We can define the function for $z>1/2$ as the Cauchy principal value of the integral, but that's all I can offer.
The fact that $$f_n(z)=\left(\frac{1-z}{1-z^{n+1}}\right)^2\sum_{k,\ell=0}^n\frac{(\alpha)_{k+\ell}(1)_k(1)_\ell}{(\alpha)_k(\alpha)_\ell k! \ell !}z^{k+\ell}$$
all exist and are real for $z>1/2$ doesn't mean anything, because what we are looking for is the limit $f(z) = \lim_{n \to \infty} f_n(z)$.
My claim is as follows. For $z>1/2$ neither the "limit of the partial sums definition" nor the "double integral definition" would work as stated.
Some further thoughts.

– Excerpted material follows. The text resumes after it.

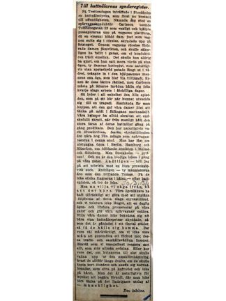 "Våra kvinnor ha alltid skrattat ett ondskefullt skratt, när från manligt håll den stora faran af deras hattnålar gång på gång predikats /.../ Men nu vilja vi säga ifrån, så att det hörs. Våra ögonläkare ha haft tillräckligt att göra med att utplåna följderna af detta slags olyckstillbud, och vi tolerar icke längre, att en daglig ögon- och lifsfara promenerar på våra gator och gör våra spårvagnar osäkra".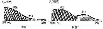 (2)阶段II中,城市中心人口密度下降的主要原因有哪些?

The integrand is symmetric, so we can redefine:
$$g(z)=\frac{f(z)}{(1-z)^2(\alpha-1)^2}= 2\int_0^1 \int_0^u \frac{(1-u)^{\alpha-2}(1-v)^{\alpha-2} dv du}{(1-z (u+v))^\alpha}$$
$$v=u t$$
$$g(z)=2 \int_0^1 \int_0^1 \frac{(1-u)^{\alpha-2}(1-t u)^{\alpha-2} u dt du}{(1-z (1+t) u)^\alpha}$$
$$g(z)=2 \int_0^1 \int_0^1 \frac{(1-(1+t)u+t u^2)^{\alpha-2} u dt du}{(1-z (1+t) u)^\alpha}$$
Not sure if this could help us, but just in case.
Update:
Using the other definition:
$$f(z)=\frac{\int_0^\infty \left({_1F_1}(1,\alpha,z x)\right)^2 x^{\alpha-1} e^{-x}\,\mathrm dx}{\left(\int_0^\infty {_1F_1}(1,\alpha,z x) x^{\alpha-1} e^{-x}\,\mathrm dx\right)^2}+1$$
It's clear that the integral in the numerator doesn't converge for $z>1/2$, because the confluent hypergeometric function behaves like the exponential.
Meanwhile, the integral in the denominator does converge for $1/2<z<1$.
Unfortunately, I don't know how to provide the analytic continuation using any of those definitions.